Task instructions: Given the records below, would you repeat exactly the lines that begin at the one containing "Interior: The interior" and end at the one containing "De kast en band", inclusive?

Extracted data:
*-*-*

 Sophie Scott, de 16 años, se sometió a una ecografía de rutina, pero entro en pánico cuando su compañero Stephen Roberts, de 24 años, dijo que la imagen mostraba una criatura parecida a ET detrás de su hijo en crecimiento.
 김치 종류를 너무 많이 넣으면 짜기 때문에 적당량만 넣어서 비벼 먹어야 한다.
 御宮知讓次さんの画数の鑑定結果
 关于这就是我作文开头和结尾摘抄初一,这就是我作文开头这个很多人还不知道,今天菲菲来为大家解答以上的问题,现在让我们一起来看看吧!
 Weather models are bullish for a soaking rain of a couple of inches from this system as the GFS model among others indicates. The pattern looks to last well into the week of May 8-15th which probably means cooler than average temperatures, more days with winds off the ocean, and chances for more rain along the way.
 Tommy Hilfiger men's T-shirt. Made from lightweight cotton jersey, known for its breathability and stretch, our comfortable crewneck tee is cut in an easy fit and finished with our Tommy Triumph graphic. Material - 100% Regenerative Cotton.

*-*-*

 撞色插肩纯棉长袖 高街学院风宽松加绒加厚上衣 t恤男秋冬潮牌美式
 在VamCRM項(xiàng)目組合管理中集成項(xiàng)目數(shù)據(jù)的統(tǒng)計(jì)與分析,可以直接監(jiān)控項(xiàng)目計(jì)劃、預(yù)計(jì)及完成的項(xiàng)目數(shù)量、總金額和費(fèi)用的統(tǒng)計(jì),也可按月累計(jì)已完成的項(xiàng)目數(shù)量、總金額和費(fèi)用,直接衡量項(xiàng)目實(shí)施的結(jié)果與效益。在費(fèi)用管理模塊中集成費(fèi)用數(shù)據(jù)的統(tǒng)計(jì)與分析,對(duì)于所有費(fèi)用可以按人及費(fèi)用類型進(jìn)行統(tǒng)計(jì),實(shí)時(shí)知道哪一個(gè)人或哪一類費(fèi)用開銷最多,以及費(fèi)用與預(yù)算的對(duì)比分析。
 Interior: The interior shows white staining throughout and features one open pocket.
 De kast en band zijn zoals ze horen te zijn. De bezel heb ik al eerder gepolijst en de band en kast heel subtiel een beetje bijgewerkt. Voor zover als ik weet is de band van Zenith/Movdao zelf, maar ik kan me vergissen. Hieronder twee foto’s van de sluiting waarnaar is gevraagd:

*-*-*

Result below:
 Interior: The interior shows white staining throughout and features one open pocket.
 De kast en band zijn zoals ze horen te zijn. De bezel heb ik al eerder gepolijst en de band en kast heel subtiel een beetje bijgewerkt. Voor zover als ik weet is de band van Zenith/Movdao zelf, maar ik kan me vergissen. Hieronder twee foto’s van de sluiting waarnaar is gevraagd:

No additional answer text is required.